The 33-year-old midfielder has full confidence in the Dutch forward who had come under scrutiny for less-than-impressive performances this season, particularly in United’s win over Arsenal.
“We all get criticised at certain times and it’s something you have to deal with,” Carrick said. “The best way to answer it is the way he did it against Hull.
“Robin scored a great goal and hopefully that will be the start of a good run over the weeks to come.”
And Carrick has also pointed to the fear factor of United’s other forwards when they’re on form.
He said: “When you have got him scoring, Wayne scoring and Falcao coming off the bench and nearly scoring, we’ll be a threat to anyone.
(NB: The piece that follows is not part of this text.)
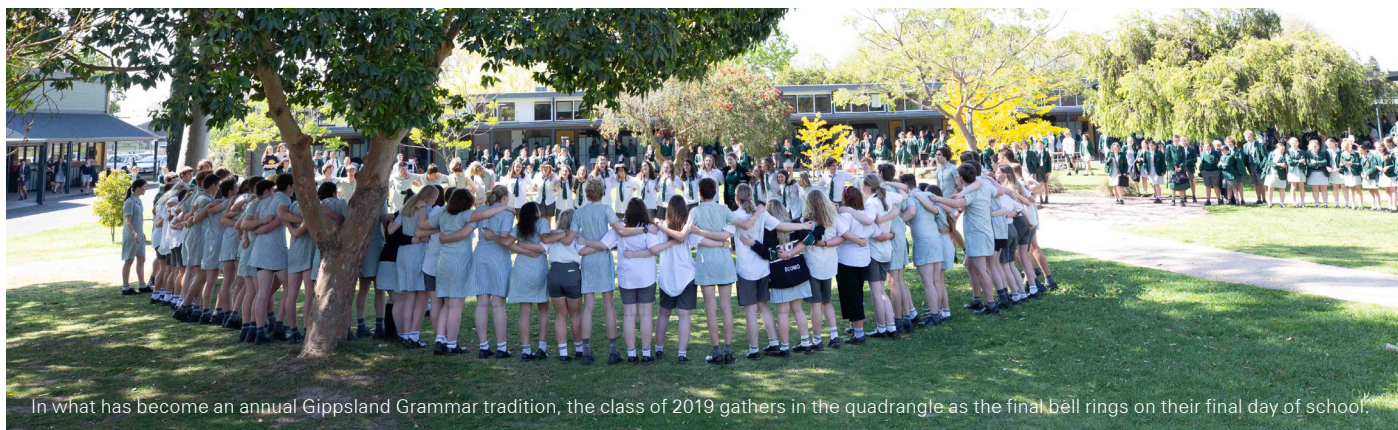
In what has become an annual Gippsland Grammar tradition, the class of 2019 gathers in the quadrangle as the final bell rings on their final day of school.

Gippsland Grammar was thrilled to celebrate another outstanding year of VCE results with its class of 2019 among some of Victoria's highest achieving Year 12 students.

You want those boys when they’re flying and it’s scary to play against.
“What Robin and Wayne did against Hull, we’ve seen that happen so often in the past and hopefully we’ll see that in the coming weeks again. It gives the whole team huge confidence and belief that, even if we’re not playing great, we’re always in the game.”
The former Spurs star, who signed for United in 2006, feels that Louis van Gaal’s side can go on a tear and claw themselves back to the United of old.
“I think everyone in the stadium felt it was a good performance and that’s the sort of standard we want to be at – dominating teams and winning.
“We’ve done it in the past but the past is the past. We need to do it again and hopefully as time goes on we can carry on like this and that fear factor will creep back.”
Manchester United host Stoke City on Tuesday night and Carrick has highlighted the importance of taking each game as it comes, rather than getting carried away with United’s current run of form.
“Arsenal was a huge result for us, but the performance wasn’t great. We got the performance for long periods against Hull, winning comfortably in the end, so we will look to keep that going against Stoke.
“But we can’t look too far ahead. We’ve never done that. We’ve never said, ‘Right, we need to go on a 10 or 15-game run’. It’s bit by bit.”